The Spectre of ISIS’s Return: A Major Security Challenge
The collapse of the Syrian regime and the rise of HTS have created a security vacuum that could be exploited by ISIS to regain ground in Iraq. This scenario particularly concerns Baghdad, given the precedents related to the jihadist occupation of Mosul in 2014. Several factors exacerbate this risk:
- The Fragility of Syrian Detention Camps: The camps under the control of the Syrian Democratic Forces (SDF), where thousands of ISIS fighters and their families are detained, are threatened by Turkish pressure and the growing instability in northern Syria.

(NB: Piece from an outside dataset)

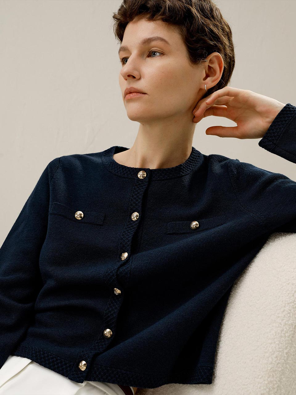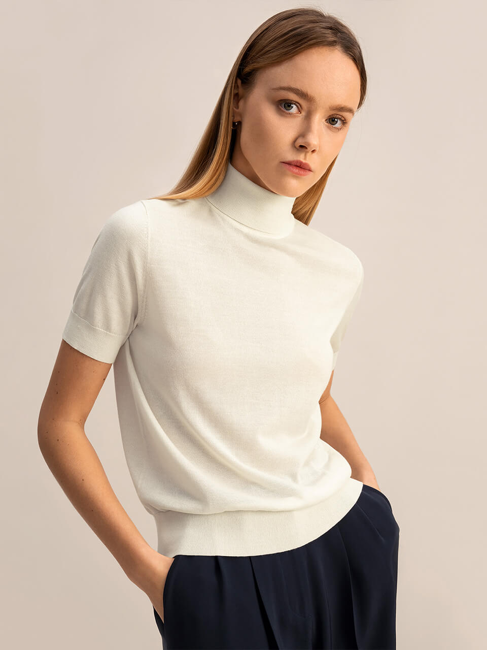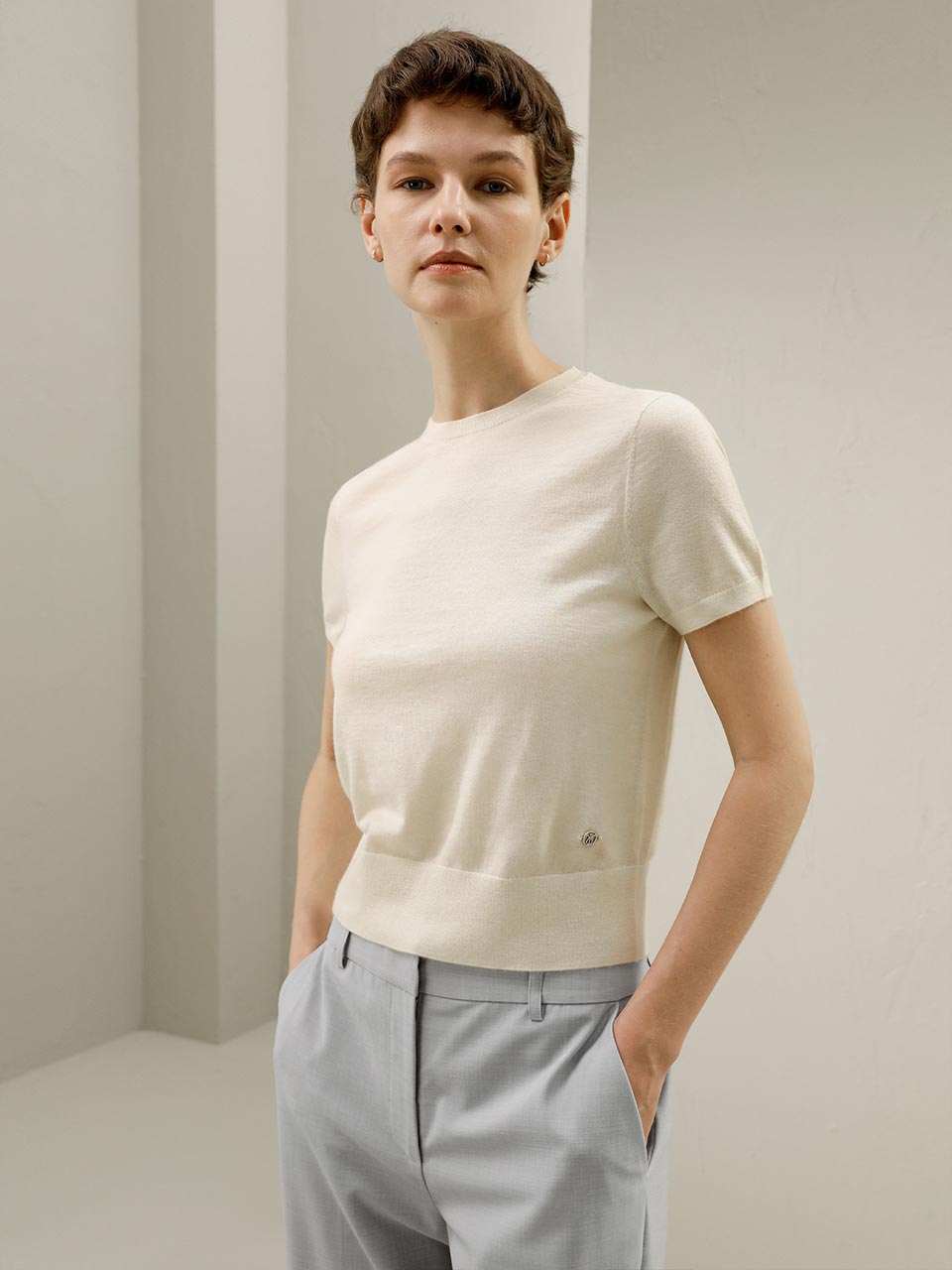 이 니트 탑은 실크의 고급스러움과 광택을 유지하며 케이블 무늬가 덜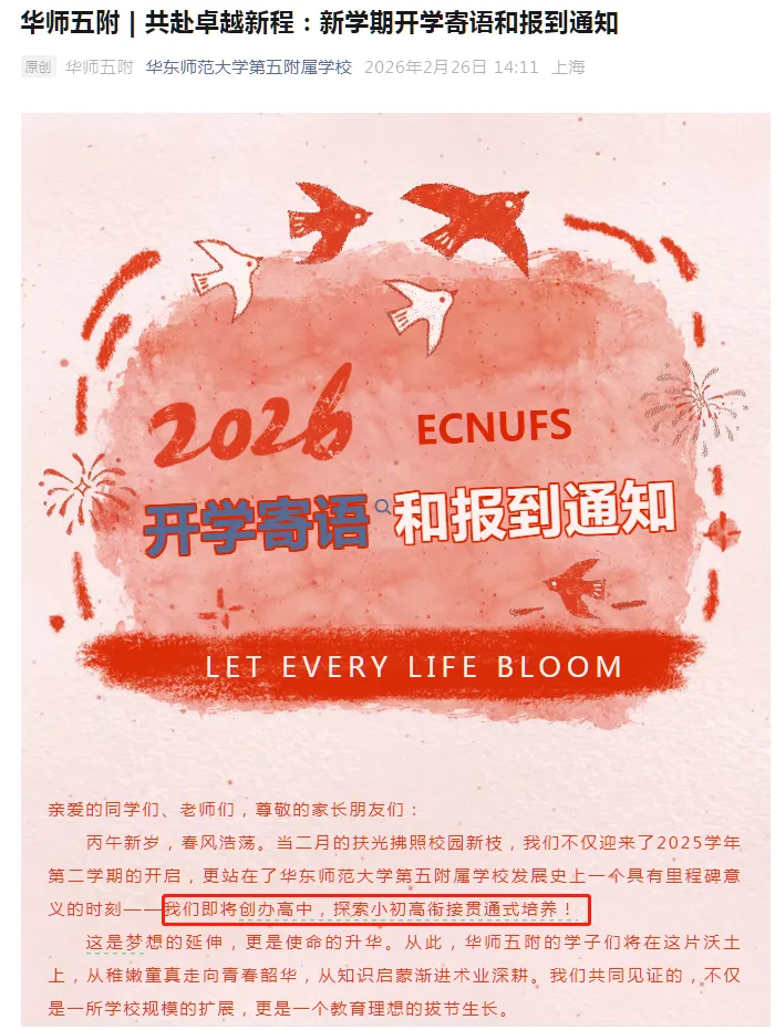 华东师范大学第五附属学校在官微上宣布,即将创办高中。

A mass escape could fuel the jihadist resurgence in Iraq.
- The Jihadist Card Used by Iran and Russia: In difficulty in the region, these actors could, in various ways, favour a return of ISIS to destabilise the Sunni order represented by HTS and weaken Western interests, particularly the United States.
- Internal Radicalisation in Iraq: In an environment of heightened sectarian polarisation, marginalised Sunni populations in Iraq might turn to ISIS as an alternative to Shiite hegemony and the abuses of the radical branches of the PMF.
A resurgence of ISIS would not only jeopardise Iraq’s internal security but also increase pressure on the government to justify a prolonged foreign military presence.
A Review of Relations with Iran: Between Dependence and Diversification
The fall of Bashar al-Assad’s regime represents a severe blow to Iran, whose regional influence is partly built on the Tehran-Baghdad-Damascus-Beirut axis. For Baghdad, this new development fuels debates on the need to revise its relations with Tehran.
- Pressure for a More Balanced Policy: Some Iraqi leaders advocate for diversifying strategic partnerships with Arab and Western powers to reduce dependence on Iran. This diversification could include strategic rapprochement with Saudi Arabia and the UAE, as well as a new military alliance with the United States.
- Resistance from Pro-Iranian Militias: However, Shiite factions loyal to Tehran have considerable mechanisms to block any attempt to shift Iraq’s strategic orientation. Their disruptive power, combined with the lack of a clear political consensus in Iraq, currently complicates any effort to break from Iran.
- Gradual Weakening of Iranian Influence: In the medium term, the fall of Damascus could further isolate Tehran, reducing its ability to project its influence in Iraq and impose its agenda.
The nature of these multiple debates reflects a growing tension within the Iraqi elites, torn between ideological and sectarian loyalty to Iran and the need to adapt to a rapidly transforming regional order. Faced with these developments, Baghdad is confronted with a series of complex strategic choices. In this critical moment of regional history, the decisions made by Iraq’s Shiite elites will not only determine the political and security future of Iraq but also the country’s ability to assert itself as a key actor in a reshaping Middle East.
Notes
[1] Balanche, Fabrice, Les leçons de la crise syrienne, Paris, Odile Jacob, 2024, 352 pages.
[2] « L’Iran et ses milices en 2024 : 563 morts dans des attaques aériennes et terrestres… et un retrait humiliant de Syrie après y avoir semé le chaos pendant des années », en arabe, Observatoire syrien des droits de l’homme, 04/01/2025
[3] Luizard, Pierre-Jean. « Le nouvel État irakien de 2003 et le piège du communautarisme », Confluences Méditerranée, 2021/1 N° 116, 2021. p.63-73.
[4] Bakawan, Adel, « Entre le Hachd al-Chaabi et l’axe de la résistance : la zone grise ! », Centre Français de recherche sur l’Irak (CFRI), le 03/05/2024.